Monday, Mar. 18, 1974
A Question of Zeal
Nixon partisans who accuse the press of recklessness in its Watergate coverage have been getting reinforcement from unlikely places. Columnist Joseph Kraft, an Administration "enemy" whose home telephone was once tapped, last week wrote of the "spirit of rivalrous competition and self-important narcissism now so rampant in the fourth estate." Managing Editor Howard Simons of the Washington Post, the most tenacious newspaper on the Watergate trail, spoke recently about "shark frenzy"--the urge among some newsmen "to rush in to get a bite of that bleeding body in the water."
Kraft was criticizing the coverage of the Watergate grand jury's confidential report to Judge John Sirica, which was handed up along with the indictments. Though his column did not offer examples, he said later that he was thinking of stories by Bob Woodward and Carl Bernstein of the Washington Post, James Naughton of the New York Times, Newsweek and CBS. The network had speculated--erroneously, as it turned out--on the number of people who were about to be named as defendants and coconspirators. The three publications, and others as well, discussed the grand jury's deliberations over whether Richard Nixon should be indicted.
With few specific exceptions, grand jury proceedings are supposed to be secret. Kraft conceded that in the earlier phases of Watergate, while the cover-up was partly working, journalistic enterprise was necessary to get at the basic facts. Now that the official inquiry is being conducted vigorously, he said, the "traditional inhibitions on reporting" should be applied. Abandoning that restraint, he warned, endangers individuals' rights to due process, threatens to wreck the prosecution's case on procedural grounds and gives journalism a bad name.
Though Simons was commenting earlier and more generally about the mood of the Washington press corps, he raises what amounts to the same complex question. When does reportorial zeal violate the canons of fair play? Journalism's first mission, to publish all important information that can be learned, occasionally conflicts with other imperatives that must be considered. The press is universally barred from grand jury proceedings, for instance, partly to guard the reputations of people who may never be indicted. Secrecy also protects the prosecution's case from premature disclosure.
It is true that there have been leaks from all sides in Watergate, that the news profession dearly loves exposes and scoops, and that the heat of competition sometimes melts good judgment. Last week, for instance, the Washington Star-News disclosed a private communication from Sirica to his fellow judges in which he mentioned Prosecutor Leon Jaworski's confidential estimate of the number of indictments to come. Though newsworthy, the story also intruded on grand jury privacy while adding nothing substantive to the public's knowledge of Watergate.
Yet Kraft's demand for restraint, which would be unexceptionable in most cases, raises its own problem in the very special circumstance of Watergate. This unique scandal is far more than a criminal proceeding.

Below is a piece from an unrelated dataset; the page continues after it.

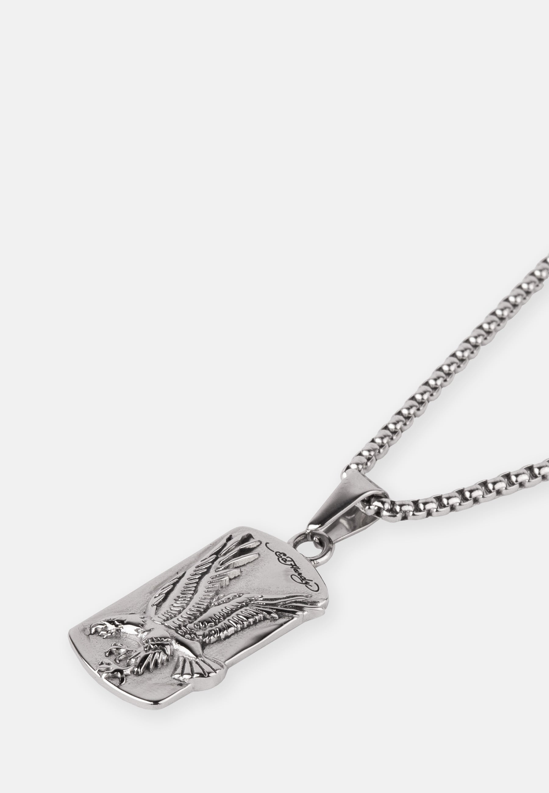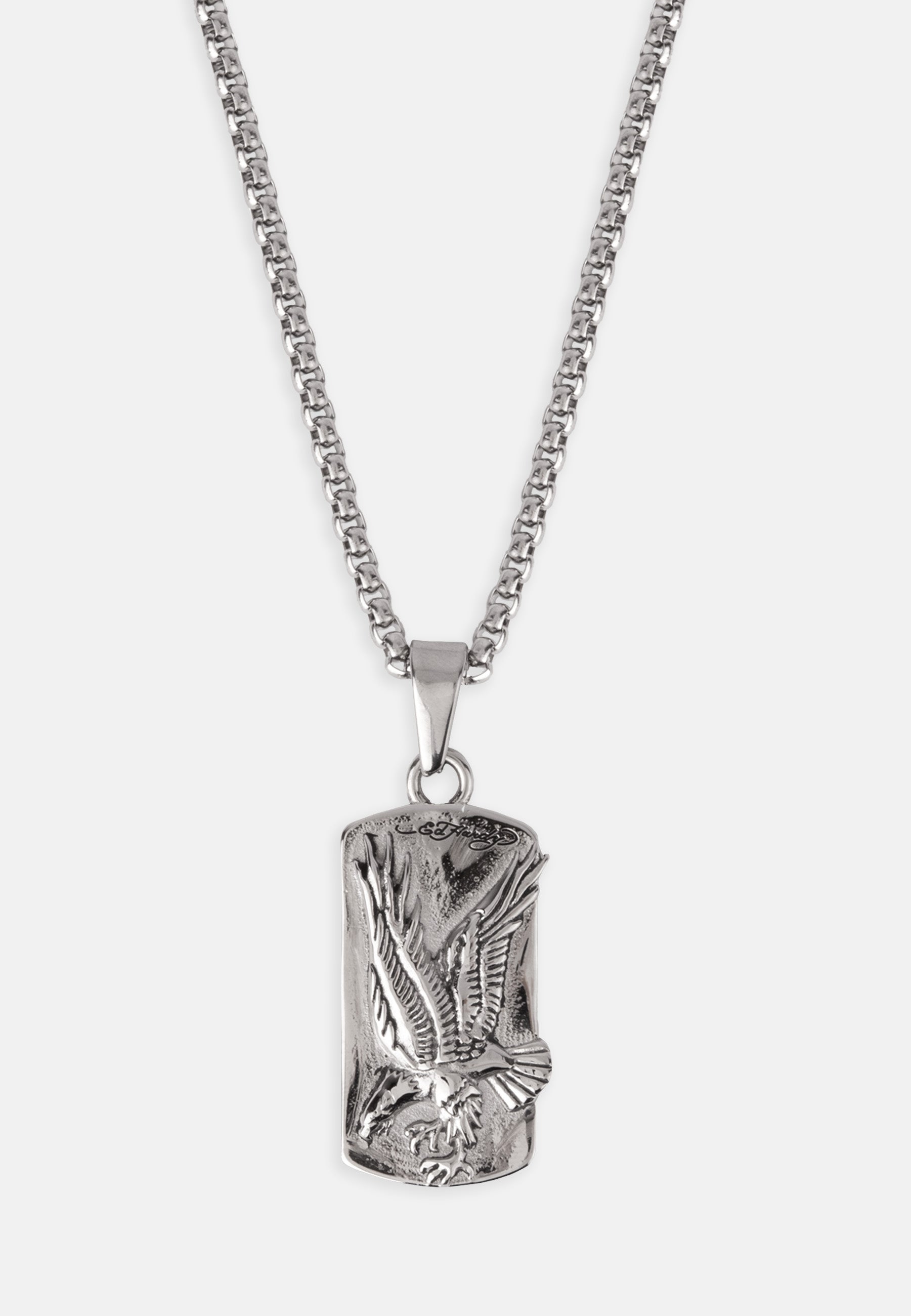 Stainless Steel Rounded box chain necklace with custom cast Ed Hardy Eagle in a silver finish.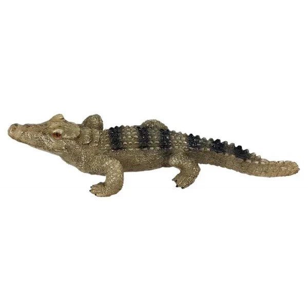 Adicione um toque de natureza ao seu jardim com este enfeite decorativo de jacaré em resina. Realista e com excelente acabamento, é ideal para quem busca peças decorativas duráveis e com detalhes minuciosos.

It has involved not powerless defendants but some of the nation's most influential officials. There have been repeated attempts to suppress evidence, minimize the case's importance, deflect guilt and hide behind the shibboleth of national security. These factors at first inhibited the press. Now the urge is to print everything obtainable in the belief that self-censorship would be itself a kind of coverup. In this atmosphere, there will doubtless be some excesses. Though Kraft is right in warning against abuses, the entire history of the Watergate mess is an argument for the fullest possible disclosure.